# Changelog
All notable changes to abbiey.search are documented here.
Follows [Keep a Changelog](https://keepachangelog.com/en/1.1.0/) conventions.
---
## [Unreleased]
### Removed
- **Hotels hub and Chatbots hub** — homepage shortcuts, `/hotels`, `/chatbots`, `/api/chatbot-chat`, and related templates/modules removed. The **Research Assistant** on search results (`/api/chat`, results-page panel) is unchanged.
### Added
- **Developer CLI** — [`cli/`](cli/) ships `abbieysearch-cli` (global binary `abbiey`): builds `/search` URLs with depth/evidence/style flags, ImgOps shortcuts, `--json` / `--stdin` automation, shell completions, and `abbiey doctor`. Documented in [`cli/README.md`](cli/README.md).
### Added — reviewer remediation (2026-04-22)
- **Image upload via Supabase Storage** — `POST /api/reverse-image` now hosts user uploads in a private `reverse-image-uploads` bucket for ~60 seconds (signed URL) and cleans up after the lookup.
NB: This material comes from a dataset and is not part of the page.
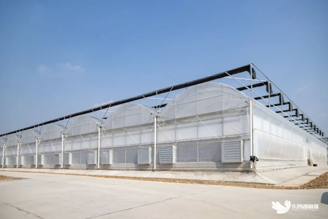示范园2025年1月正式投产,占地155亩,6个连栋大棚连成排,每个大棚占地10亩。
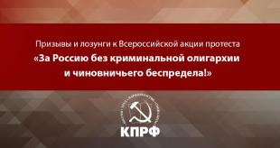 Публикуем призывы и лозунги к Всероссийской акции протеста «За Россию без криминальной олигархии и чиновничьего беспредела!» 15 июля 2017 года.

A Supabase pg_cron job sweeps any stragglers every 5 minutes. `SITE_URL` is no longer required for image upload when Supabase is configured. Migration in [`supabase/migrations/20260422100000_reverse_image_uploads.sql`](supabase/migrations/20260422100000_reverse_image_uploads.sql).
- **Chunked, resumable bot crawls** — `search_bots.crawl_bot_pages_step` replaces the old "crawl everything in one synchronous request" path. `POST /api/user/search-bots/<id>/crawl` now enqueues a job and runs a 3-page chunk inline; a GitHub Actions worker (`.github/workflows/bot-crawl-worker.yml`) ticks `/admin/api/bot-crawl-step` every 5 minutes to drain the queue. New `GET /api/user/search-bots/<id>/status` and UI polling. Per-page timeout dropped from 12s → 6s. `vercel.json` `maxDuration` bumped to 60s.
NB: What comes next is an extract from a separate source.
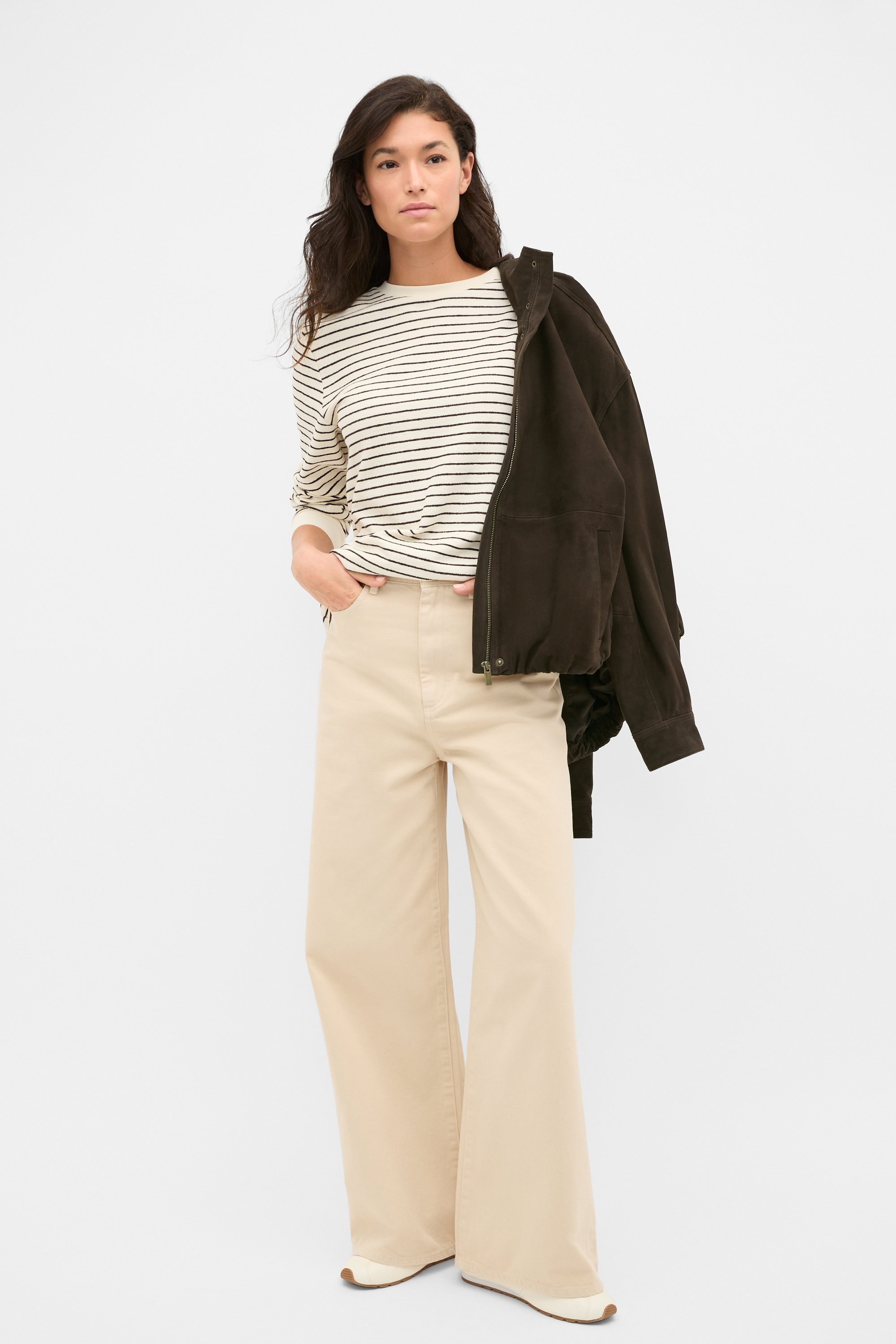 Textured Long Sleeve Relaxed Top  Coffee Bean Stripe  hi-res Textured Long Sleeve Relaxed Top  Coffee Bean Stripe  hi-res Textured Long Sleeve Relaxed Top  Coffee Bean Stripe  hi-res Textured Long Sleeve Relaxed Top  Coffee Bean Stripe  hi-res

- **Public developer API `/api/v1/*`** — stable bearer-authenticated surface (`/search`, `/bots`, `/bots/<id>/query`, `/reverse-image`, `/health`). Per-key rate limits via flask-limiter. Free tier: 1,000 calls/month/key; overage shipped to Stripe via Meters API in batched flushes. OpenAPI 3.0 spec at `/openapi.json`, interactive ReDoc at [/api/v1/docs](/api/v1/docs), full reference at [docs/API.md](docs/API.md). Usage panel on `/developer`.
- **Onion / Tor transparency** — "Deep Web" tab renamed to "Onion / Tor" in the UI (internal `onion` type unchanged). New [docs/deep-web.md](docs/deep-web.md) documents exactly what is indexed (Ahmia.fi + DDG onion filter + optional local Tor SOCKS5). Warning banner now links to the doc.
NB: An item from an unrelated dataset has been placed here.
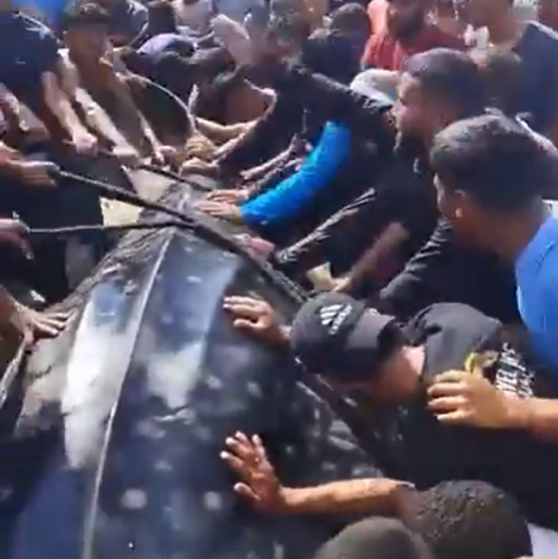 وتجمع المئات من أهالي المدينة حول السمكة العملاقة التي وصفها بعضهم بـ"الحوت"، معتبرين إياها رزقا من الله في ظل الحصار والمعاناة التي يعيشها القطاع، حيث بادر الصيادون إلى توزيع لحمها على الأهالي وسط أجواء من الفرح الشعبي.غير أن الحدث لم يخلُ من الجدل، إذ علّقت وزارة الخارجية الإسرائيلية على الصور المتداولة، زاعمة أن "الغزيين مزقوا حوتا جانحا في عمل قاس لا حدود له"، في محاولة لتصوير الفلسطينيين على أنهم "منتهكون للبيئة".وقال الصحفي الإيرلندي جيمس توريش: "أنتم من قصف عشرات الآلاف من المدنيين، فلا تتحدثوا عن القسوة"، فيما كتبت المدونة الألمانية سابين: "أنتم الذين تركتم الغزيين يجوعون، ثم تلومونهم على صيد سمكة؟"، مضيفة أن سياسة التجويع "لا تؤثر في المقاومة بل في المدنيين الأبرياء".مشهد بطولي... شاب يغامر بحياته لنجدة سائق سيارة تغرقكلب يتمسك بسياج ليتجنب الانجراف بفعل التيار في المكسيك.. فيديو

- **Self-hosting docs** — rewritten [README.md](README.md) with one-command Docker quickstart, deploy buttons (Render/Railway/Fly/Vercel), and a feature matrix. New [docs/SELF-HOSTING.md](docs/SELF-HOSTING.md) covers every deployment mode. New `.github/workflows/docker-publish.yml` publishes a cosign-signed image to GHCR on every main push and `v*` tag. New `fly.toml` for one-line Fly.io deploys.
- **Community + refunds + data sovereignty** — public `/community`, `/refund`, `/status`, `/changelog` pages linked from the site footer. New "Data & jurisdiction" section on `/privacy` listing every sub-processor with region. New env vars: `COMMUNITY_DISCORD_URL`, `COMMUNITY_MATRIX_URL`, `COMMUNITY_GITHUB_URL`, `ABBIEY_DATA_REGION` (surfaced in footer + `/status`).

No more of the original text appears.